Se a alma não é pequena.

(Fernando Pessoa)

 

ERA UMA VEZum garoto que vivia sozinho com sua mãe, e que adorava ficar trancado em seu quarto. Ele não gostava de sair e só queria passar o dia tocando guitarra. Era sua maior paixão. Quando a mãe vinha chamá-lo para comer ou sair, ele gritava: — Não tô com fome não, mãe! Eu quero é tocar até virar o melhor! Mas ela não desistia e dizia: — Meu filhinho! Você tem que comer, senão vai ficar fraco. Todas as vezes que ela queria falar com ele, tinha que chamar e chamar bastante, até que ele a deixasse entrar.

Um dia. Preste atenção! Sempre que aparece nas estórias esse termo, um dia, é porque alguma coisa de diferente vai ocorrer. E nessa aconteceu assim. Um dia, enquanto o menino estava tocando, todo alegre, a guitarra falou com ele. — Calma! Calma! Seu garoto apressado! Você tá pensando que sou um pandeiro. Eu não sou feita pra levar pancada não! Me trate com muito carinho. Toque nas minhas cordas com muito cuidado, ou então, você nunca vai ser o melhor. O garoto estava de boca aberta. Ele nunca tinha visto as coisas falarem. E o que é pior, a coisa estava reclamando dele. Como se fosse gente. Isso é muito difícil de acreditar. Ele até pensou que era culpa da fome, porque já fazia muito tempo que não comia. Mas no mesmo instante sua barriga também falou com ele: — Não venha se queixar comigo não! Eu não tenho nada a ver com sua imaginação. É sempre assim: quando alguém começa a ouvir coisas, pensa logo que está com fome e a culpa é sempre minha. Pois resolva com sua guitarra e me deixe em paz. Aífoi que o garoto ficou mais nervoso, porque além da sua guitarra falar, agora sua barriga também estava falando. — E agora o que eu faço? Pensou ele. — Já sei, vou chamar minha mãe. E saiu correndo, desceu as escadas e foi direto para a cozinha, onde ela estava preparando o jantar.

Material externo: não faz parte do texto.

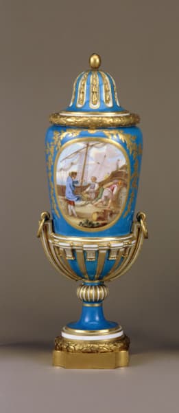 The name for this model, vase à pied de globe, refers to the lower section that is in the form of a globe stand. That term appears in the Sèvres documents once in 1769, the same year in which the first examples of vases made in this form are known (although the shape may have been introduced the previous year). The model was made in three sizes, this pair being of the smallest size, which also seems to be the most common. A simplified version of the shape was introduced in about 1774. A plaster model survives at the Sèvres manufactory with a similar silhouette but without the globe stand base and with Chinese heads at the sides. This plaster model is catalogued in an inventory of 1814 with the title vase chinois, however no surviving examples are known of this model with the Chinese heads. The title vase chinois also appears in the eighteenth-century documents; it is unclear, however, to which shape this term applies. The vase à pied de globe model may have been referred to by both terms in the eighteenth century and the shape was frequently described as a vase chinois from the nineteenth century.
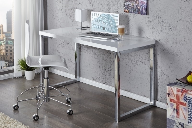 Białe lakierowane biurko 140x60cm chromowane stalowe nogi

Quando ela o viu tomou um susto, porque ele nunca saía do quarto sem que o chamassem muito, muito, muito.

— O que foi que aconteceu pra você sair do seu quarto?

— A minha guitarra tava falando comigo e a minha barriga também. Você tem que me ajudar, por favor!

— Meu filho, você tá imaginando demais. As coisas não falam. Os animais não falam. Somente nós falamos.

— Não, mãe! É verdade! Ela falou comigo. E o que é pior, reclamou de mim.

A mãe do garoto subiu até o quarto com ele e, quando abriu a porta, lá estava a guitarra em cima da cama, quieta como sempre. Então, ela deu uma bela risada e disse que tinha que descer, porque a comida iria queimar. E que chamaria o filho para jantar quando terminasse de cozinhar. E que não a chamasse mais. Ficasse no seu quarto até a hora da janta.

Mas o garoto que tanto amava sua guitarra, agora estava com medo de ficar sozinho com ela. Logo ele que não saía do quarto pra nada. Logo ele que passava horas e horas agarrado a ela. Então, foi chegando perto dela mais uma vez. Tentando fazer as pazes. Com cuidado, para que não ficasse brava novamente.

Começou logo tocando uma música suave. Sabia que tinha que ser mais carinhoso, para não perder a amizade da coisa mais importante na sua vida. Então tocou uma canção com melodia em tom menor. E mais outra. E mais outra. Os tons menores são suaves e com o dedilhado delicado do garoto ficava ainda mais bela a canção.

Depois de algum tempo, a guitarra falou novamente. Dessa vez com mais calma e sem reclamar.

— Agora sim! Você me tratou como mereço: Com muito carinho e suavidade. Se continuar assim, podemos ser grandes parceiros.Novamente o garoto se assustou...

— O quê!? Quem falou?

— Eu falei! Não finja que não sabe que sou eu.

— Mas minha mãe disse que as coisas não falam.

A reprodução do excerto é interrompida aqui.